Output must consist only of the lines of the material below from the one with "寒い中の体育でしたが,元気よ" through the one with "[°øÁÖ/CTN]ÀÌÀºÃá ±âÀÚ = °øÁÖ½Ã(½ÃÀå", each reproduced exactly; no pictures belong in it.

## Source data:
▼▼▼

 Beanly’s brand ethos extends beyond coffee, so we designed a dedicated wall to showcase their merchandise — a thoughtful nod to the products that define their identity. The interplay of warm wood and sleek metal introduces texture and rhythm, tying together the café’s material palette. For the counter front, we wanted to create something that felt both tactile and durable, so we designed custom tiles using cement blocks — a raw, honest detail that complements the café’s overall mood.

▲▲▲
▼▼▼

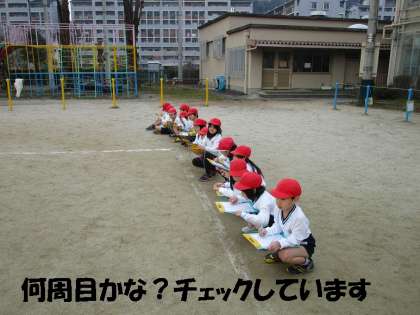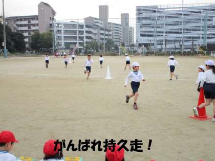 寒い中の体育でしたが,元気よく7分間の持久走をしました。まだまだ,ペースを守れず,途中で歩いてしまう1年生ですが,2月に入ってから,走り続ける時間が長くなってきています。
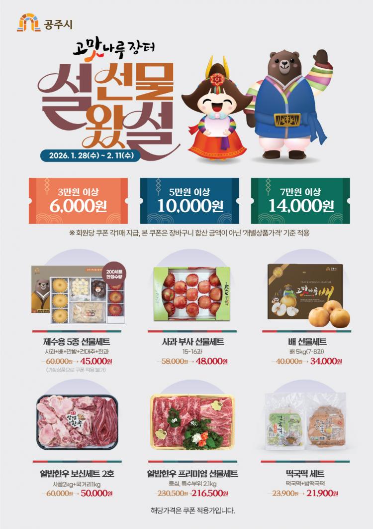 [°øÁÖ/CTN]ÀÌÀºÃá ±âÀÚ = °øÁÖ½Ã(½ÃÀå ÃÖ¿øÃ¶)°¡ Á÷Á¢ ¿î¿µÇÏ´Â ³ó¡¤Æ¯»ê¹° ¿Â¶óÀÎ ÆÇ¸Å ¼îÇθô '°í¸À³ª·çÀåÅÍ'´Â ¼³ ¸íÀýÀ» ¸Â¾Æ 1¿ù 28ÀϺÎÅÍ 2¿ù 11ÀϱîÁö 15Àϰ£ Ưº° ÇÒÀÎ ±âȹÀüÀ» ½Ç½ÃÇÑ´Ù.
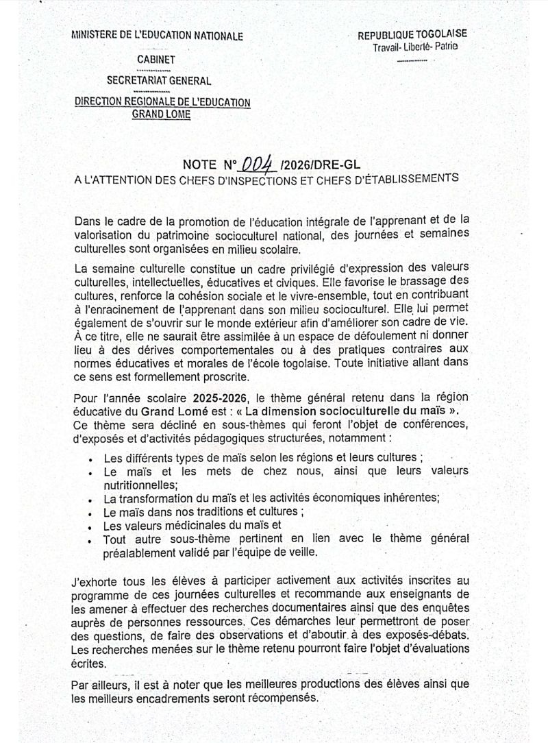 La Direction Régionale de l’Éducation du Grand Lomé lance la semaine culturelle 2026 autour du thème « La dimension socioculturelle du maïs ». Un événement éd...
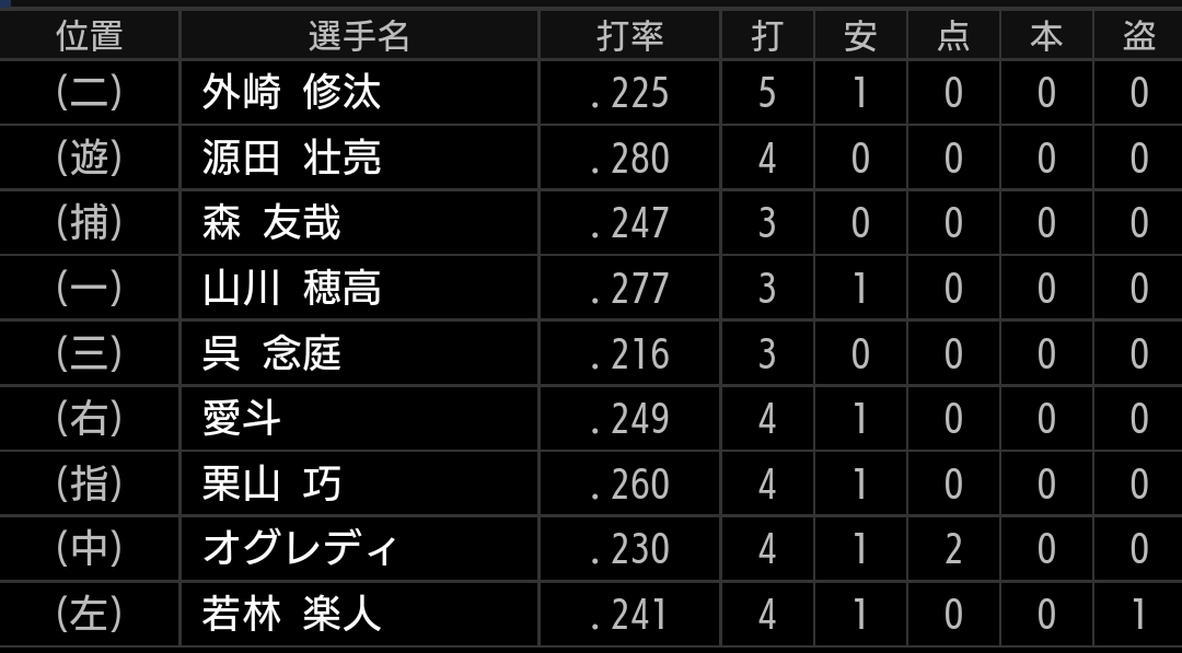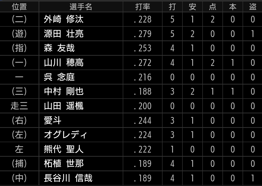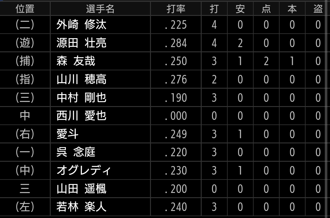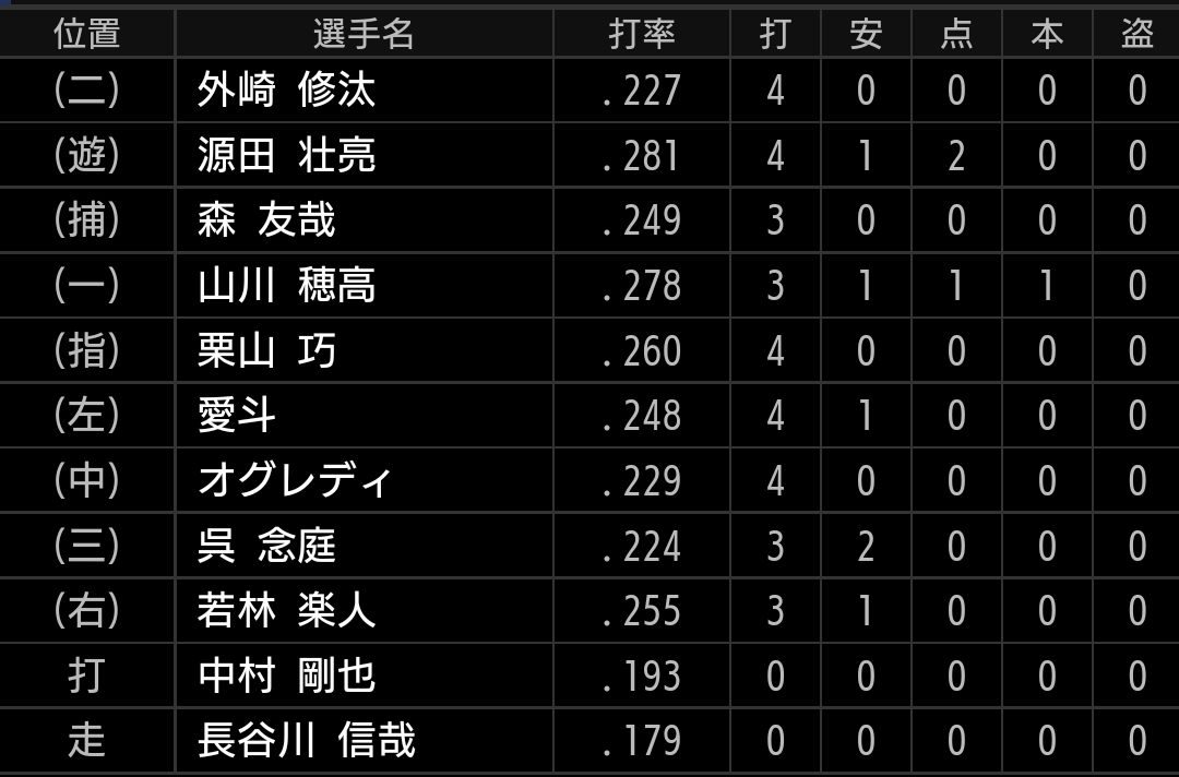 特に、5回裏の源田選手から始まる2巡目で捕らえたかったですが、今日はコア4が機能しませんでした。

▲▲▲

## Task output:
 寒い中の体育でしたが,元気よく7分間の持久走をしました。まだまだ,ペースを守れず,途中で歩いてしまう1年生ですが,2月に入ってから,走り続ける時間が長くなってきています。
 [°øÁÖ/CTN]ÀÌÀºÃá ±âÀÚ = °øÁÖ½Ã(½ÃÀå ÃÖ¿øÃ¶)°¡ Á÷Á¢ ¿î¿µÇÏ´Â ³ó¡¤Æ¯»ê¹° ¿Â¶óÀÎ ÆÇ¸Å ¼îÇθô '°í¸À³ª·çÀåÅÍ'´Â ¼³ ¸íÀýÀ» ¸Â¾Æ 1¿ù 28ÀϺÎÅÍ 2¿ù 11ÀϱîÁö 15Àϰ£ Ưº° ÇÒÀÎ ±âȹÀüÀ» ½Ç½ÃÇÑ´Ù.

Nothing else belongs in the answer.